Текущая страница: 14 (всего у книги 31 страниц)

Глава 14 Ильгар

Уютно потрескивал костерок, выстреливая в небо снопами искр. Чуть в стороне Партлин грустно пел о безвозвратно ушедших годах, потерянной любви и погибшей родине. Ильгар не любил эту песню. Она отражала его жизнь, как начищенная сталь нового меча отражала яркий свет Летней Звезды. Но подобно сотням звезд, мерцавших рядом, это песня хранила в себе мерцание сотен судеб. Похожих жизней.

Десятник с тихим шорохом вогнал меч из черийской стали в новенькие ножны, положил на колени. Ножны – подарок военного преатора. Меч – Ракавира. Во время бури Ильгар спас несколько человек из высшего сословия, за это получил две записи в личную грамоту, денежное поощрение, меч и ножны. Воины гарнизона защитили город, и наградой им послужил скорбный ужин, по десятку серебряных монет на брата и устная благодарность.

До этого он никогда не задумывался, какой разной бывает справедливость. И что такое справедливость вообще? Чем ее мерить? Сделал ли Ильгар больше, нежели рядовой копейщик из гарнизона? Вряд ли. И, тем не менее, молодой жнец стал на шажок ближе к званию сотника, на ступеньку выше к Сеятелю.

Припомнились слова Барталина, оброненные день назад у стен Сайнарии, когда уносили тело погибшего сарлуга, а люди выкрикивали его имя.

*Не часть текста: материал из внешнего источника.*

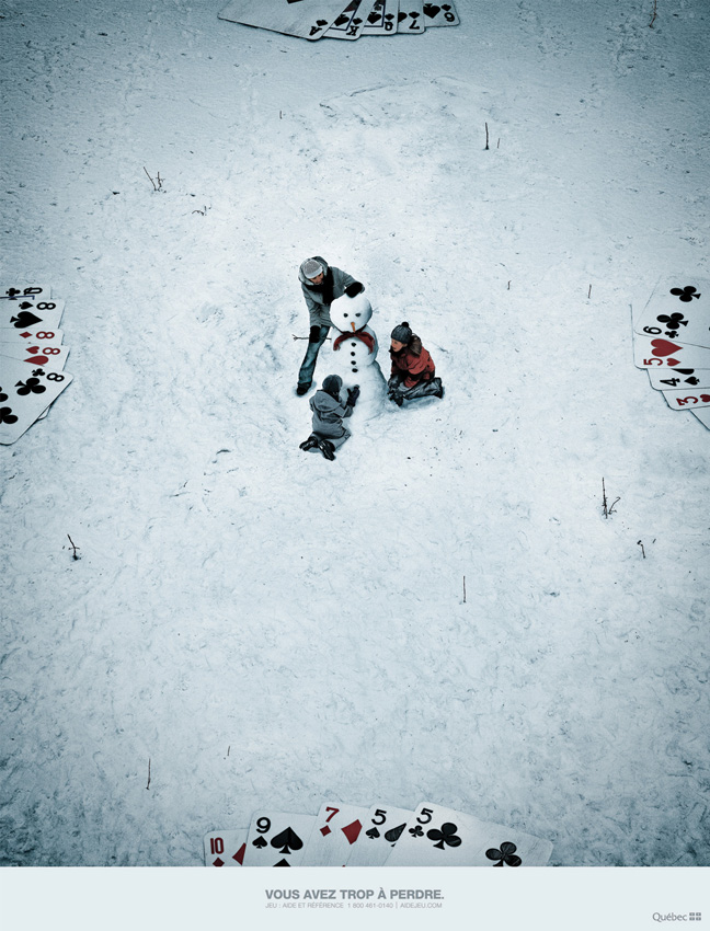 Социалка против азартных игр ставит на кон семьюКампания Министерства здравоохранения КанадыАгентство LG2 Quebec создало социальную кампанию против азартных игр для Министерства здравоохранения Канады. Реклама отличается от прошлогодней кампании такого же рода, созданной для организации Bellwood Health Services агентством Doner. Тогда креаторы действовали более жестко и сравнили азартные игры с наркотиками. А в данном случае, заядлым игрокам просто напоминают о семье, которую они могут потерять, если не ограничат свою страсть - для этого семью игрока буквально поставили на кон в покерной игре. Слоган кампании "У тебя есть слишком много того, что можно потерять". Состав творческой группы Agency: LG2 Quebec, Canada Creative Director/ Writer: Luc Du Sault Art Director: Simon Touzin Art Director: Vincent Bernard Photographer: Marc Couture Illustrator: Simon Touzin, Marc Rivest |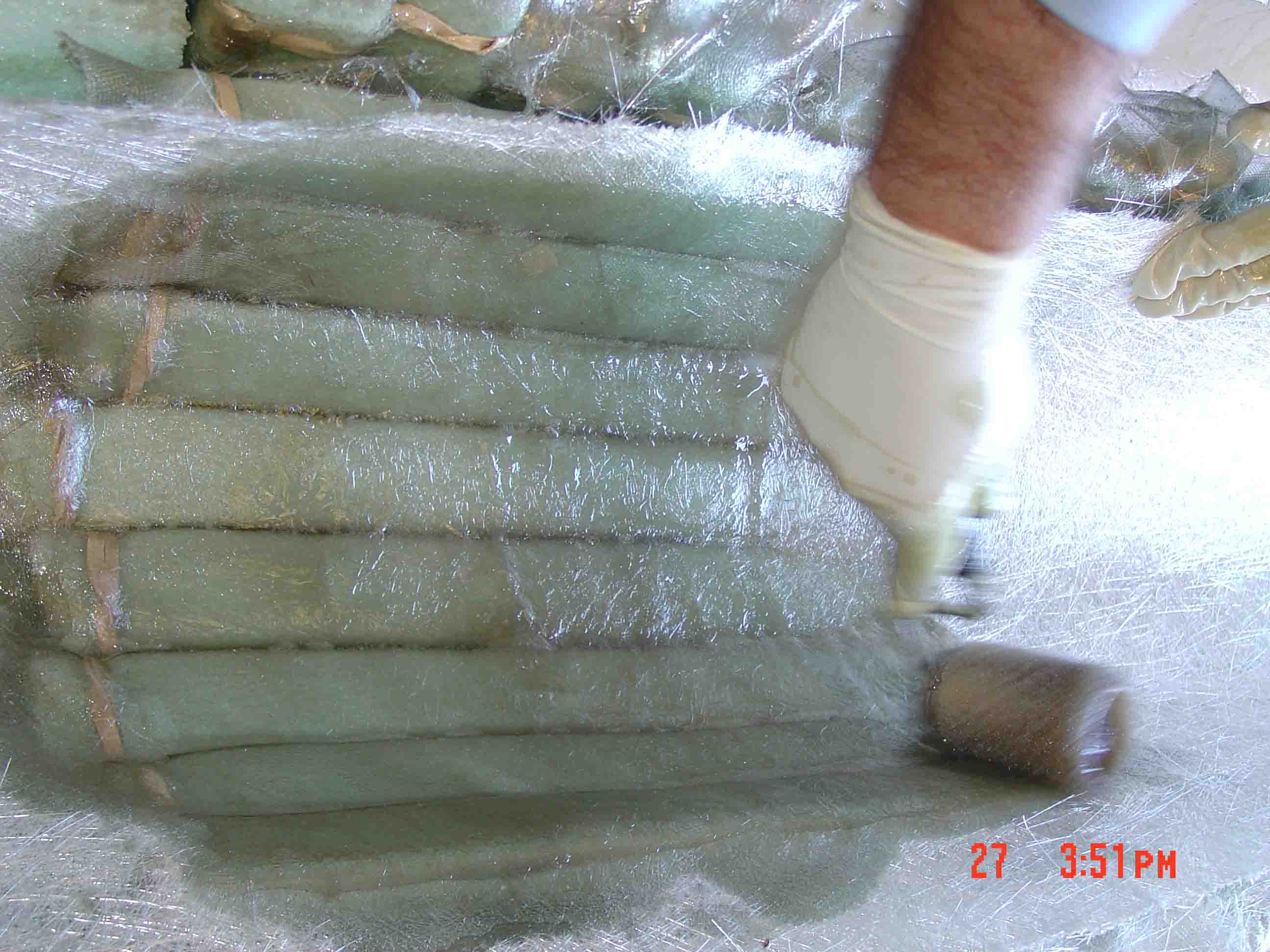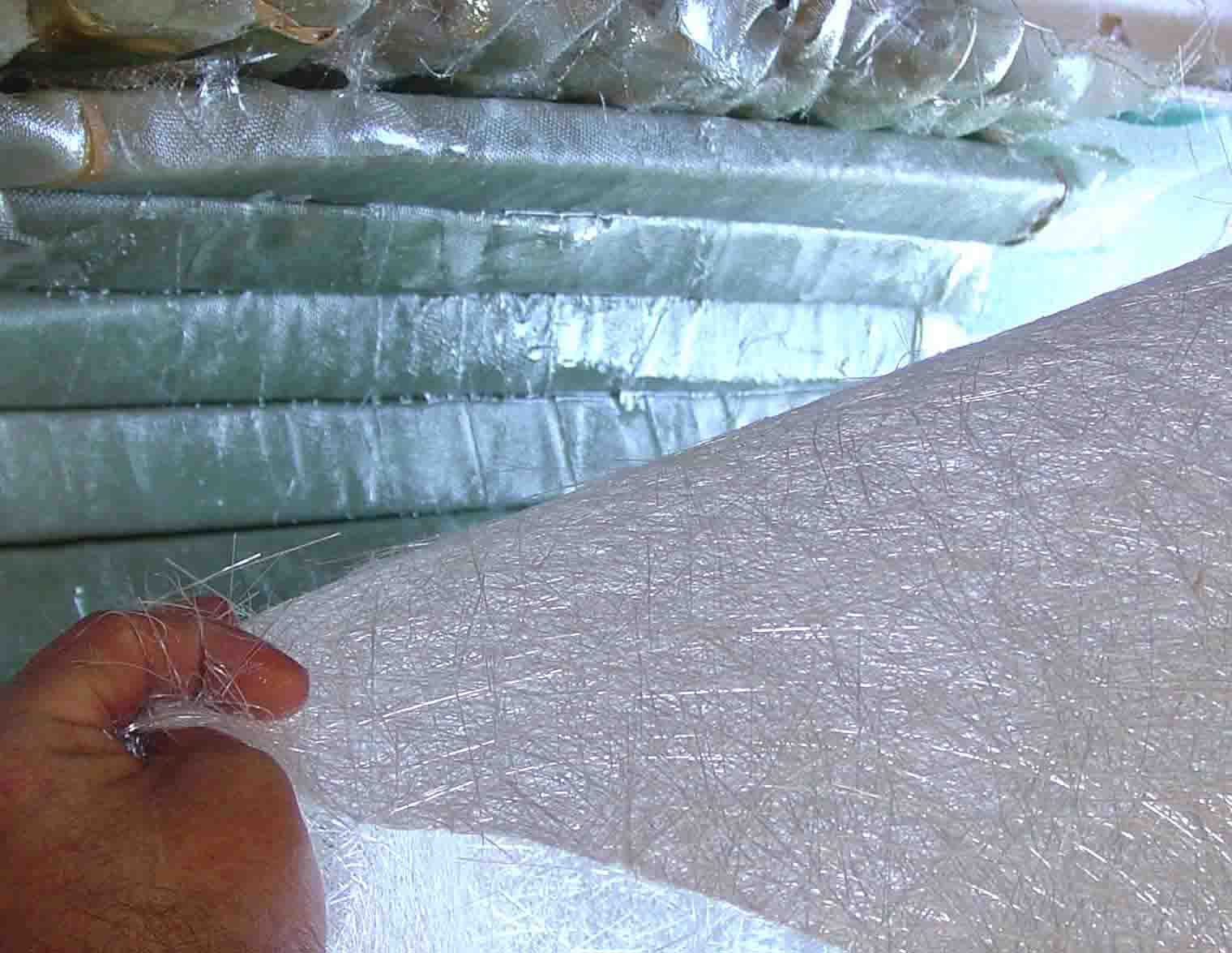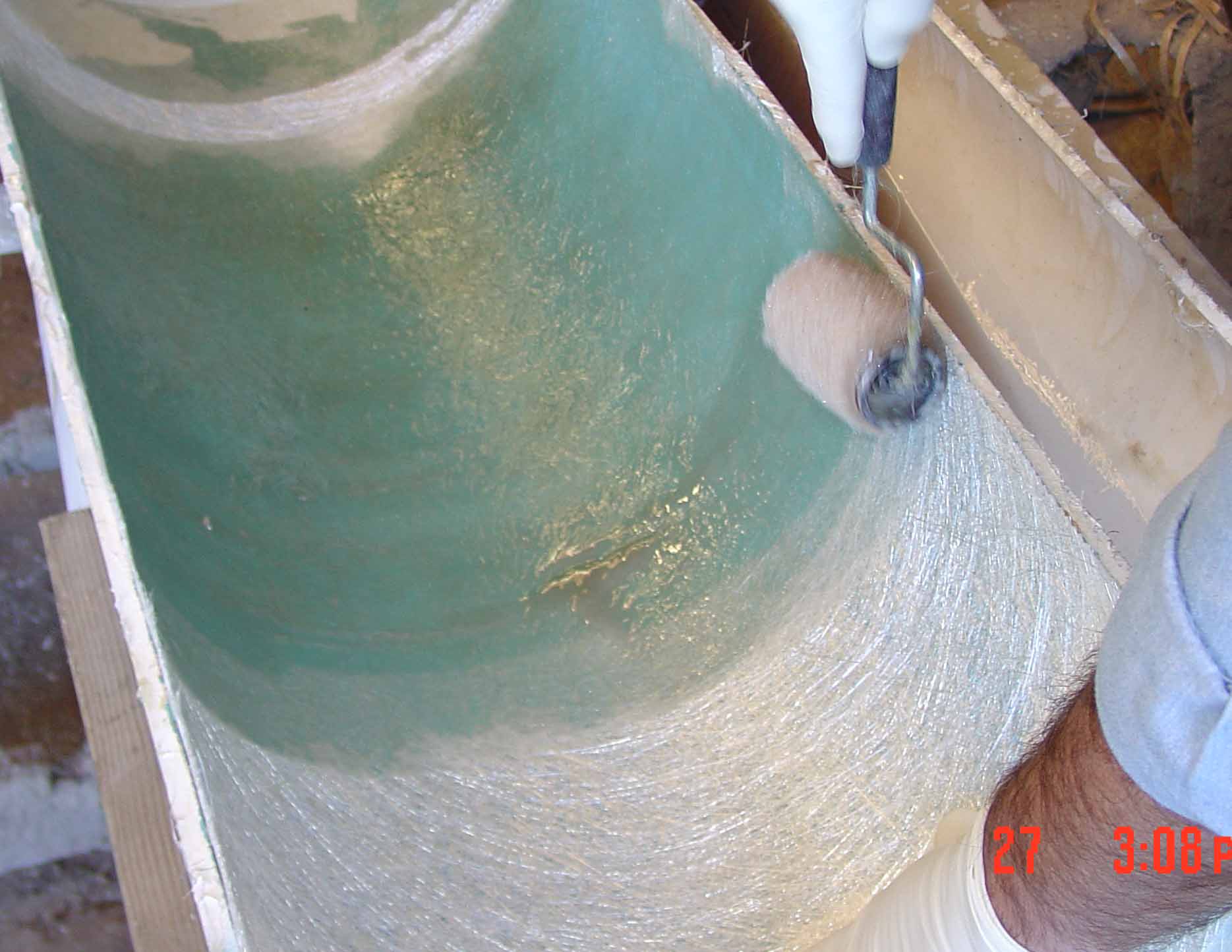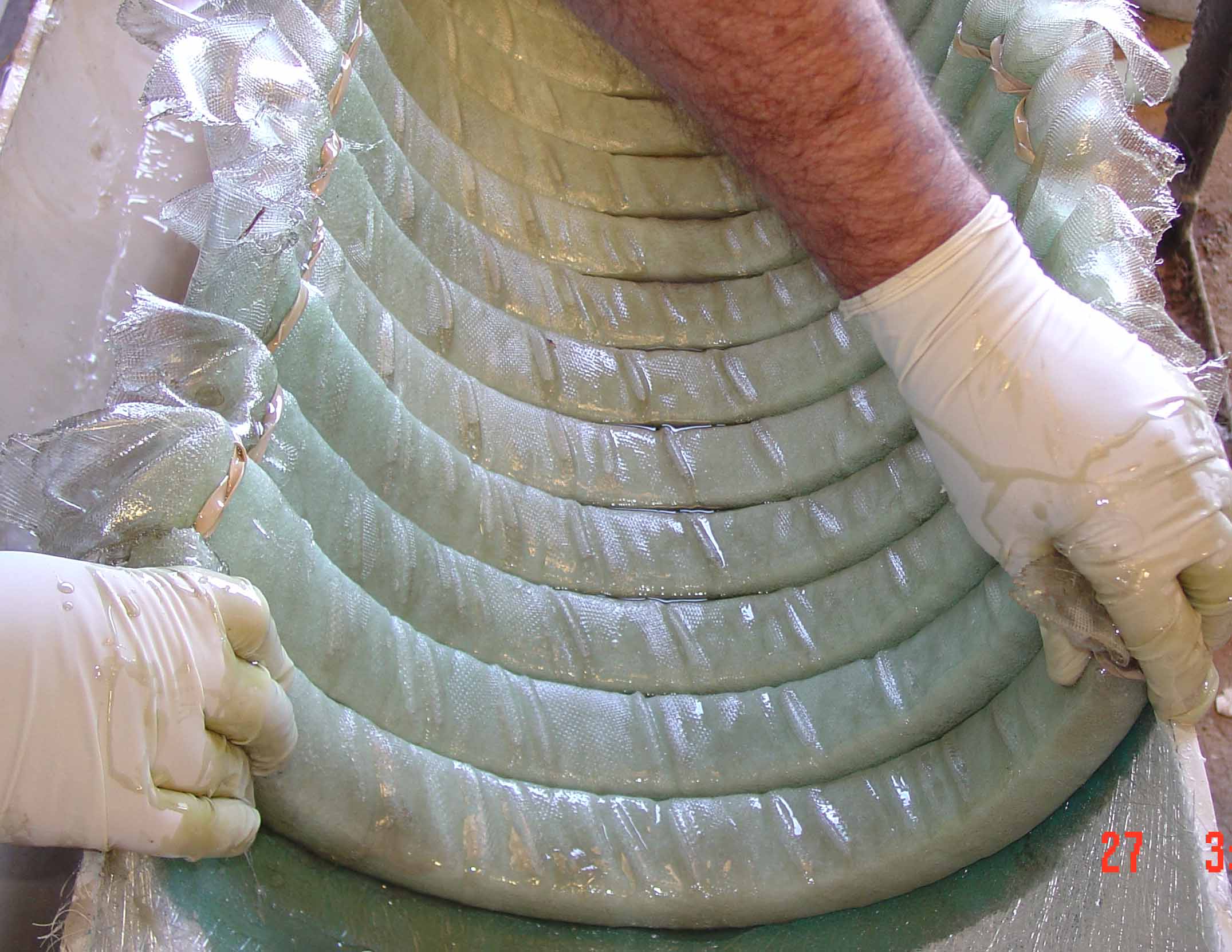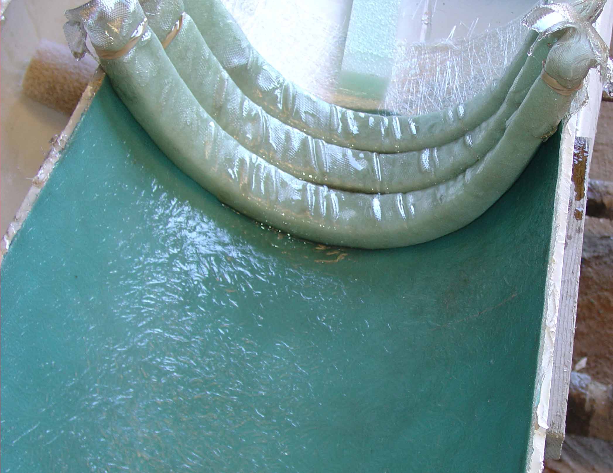 The Matrix geometry process begins with a layer of fiber that is placed in the bottom of a mold. This layer forms the lower outer layer of the Matrix structure that is being constructed. In boat building a layer of gel-coat would be sprayed into the mold before the fiber is applied. |

– Здесь полегло много народу, а вон те парни, – Дядька указал на отряд жнецов, проходящий в ворота, – разбили великанов в пух и прах. Ни их, ни погибших товарищей никто не называет героями. Только соратники сохранят в памяти имена мертвецов. Зато мальчишку, поднявшего руку на бога, горожане будут помнить годами. Если не столетиями! Люди никогда не перестанут меня удивлять…

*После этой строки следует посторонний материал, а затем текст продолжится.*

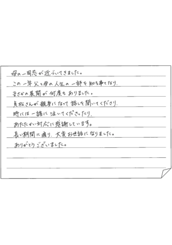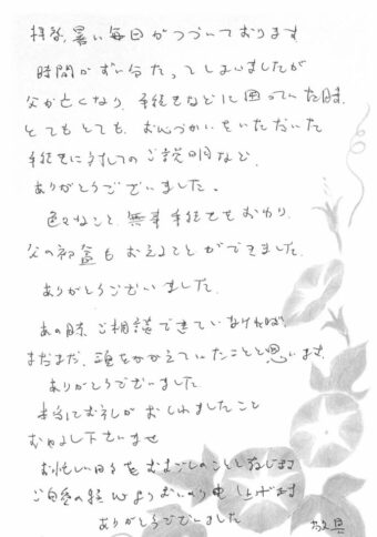 時間がずい分たってしまいましたが父が亡くなり、手続きなどに困っていた時、とてもとてもお心づかいをいただいた手続きに対してのご説明などありがとうございました。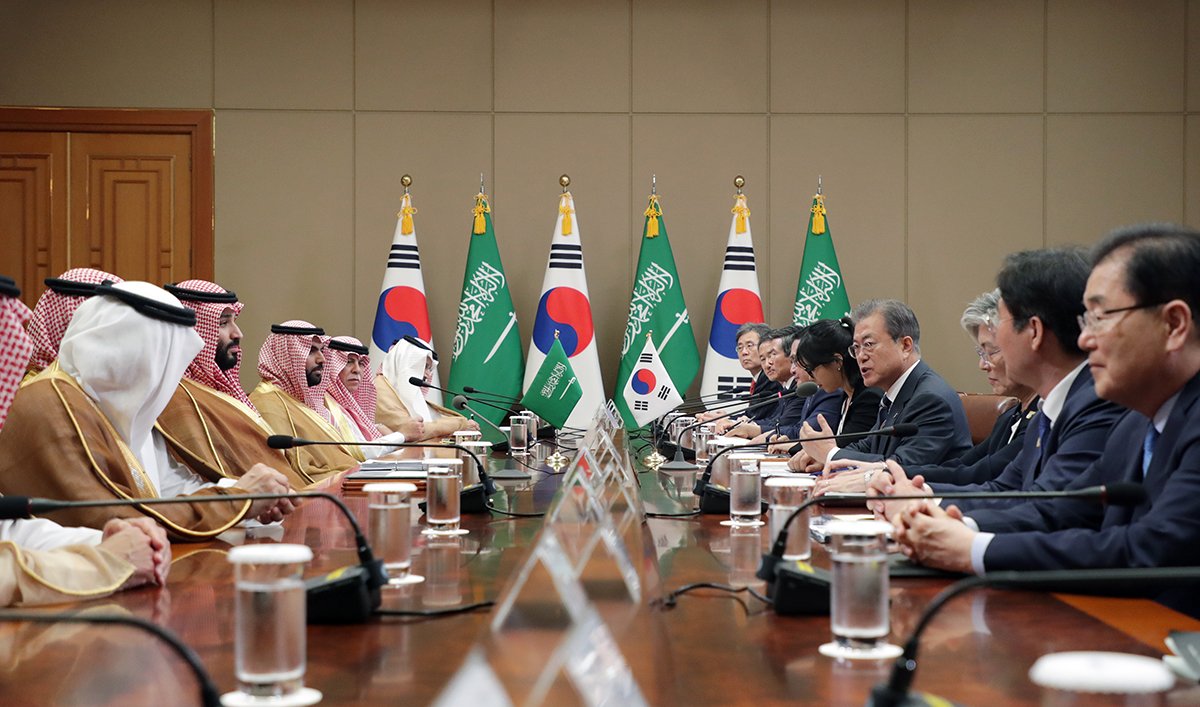 몇 달 사이에 모든 분야에 걸쳐 전세계 어디에 내놔도 부끄럽게 만들어 버린 집단이 무함마드 빈 살만 왕세자의 방한길에 보여준 모습은 공항에서 상대를 날리는 것도 안날리는 것도 아닌 애매한 영접에서부터 어설픔 그 자체였습니다. 전임 정권 때와도 확연히 비교되고, 심지어 그가 바로 다음날 방문한 태국보다도 못한 공항 영접이라니....

Теперь слова ветерана заиграли новыми красками. И это тяготило. Ильгар знал, что не заслуживает не только меча, но даже перевязи от ножен. Кто не припечатал военного преатора решающим доводом? Он. Кто настолько тщательно хранит позорную тайну шрама, что ради нее поставил под удар сотни жизней? Он. Конечно, всему виною не только его страхи, но еще и узколобость Алария, не пожелавшего внять словам. Как итог: семьдесят шесть жнецов, один Дарующий, восемь жрецов и почти три сотни горожан и земледельцев погибло. Треть населения Сайнарии! Кроме того – подчистую сметенный частокол, поваленная сторожевая вышка, два десятка разгромленных домов пахарей.

Крах!

И на фоне общей разрухи – постное выражение лица народного преатора, когда тот зачитывал списки потерь. Корвус стоял на ступенях цитадели, вокруг которых толпились люди, бесстрастно и сухо рубил воздух словами, а внизу разыгрывались настоящие трагедии. Закончив читать, Корвус развернулся и ушел в тень под каменным козырьком твердыни. А люди еще долго не расходились – ждали припасов, одеял, питьевой воды и решения, куда переселят лишившихся крова. К чести властей – все проблемы решили еще до заката. И ночь, опустившаяся на утихший город, застала на улицах лишь жнецов и стражей.

Военный преатор ввел комендантский час.

Несмотря на благодарности и награды, Ильгару с десятком передышки не дали. В ту же ночь их отправили на один из холмов за городской чертой. Семеро стражей, два жреца, ильгаров десяток – вот и весь «гарнизон». Всех вооружили луками, раздали колчаны, мешочки с особой стружкой, делающей огонь сигнальных костров синим. Пришлось изрядно поработать лопатами и топорами, прежде чем холм превратился в сторожевой пост. Окопались рвом, насыпь утыкали кольями в половину обычной длины. Распределили дозоры до самого рассвета, собрали хвороста. Когда небо затопила чернота, разожгли три костра.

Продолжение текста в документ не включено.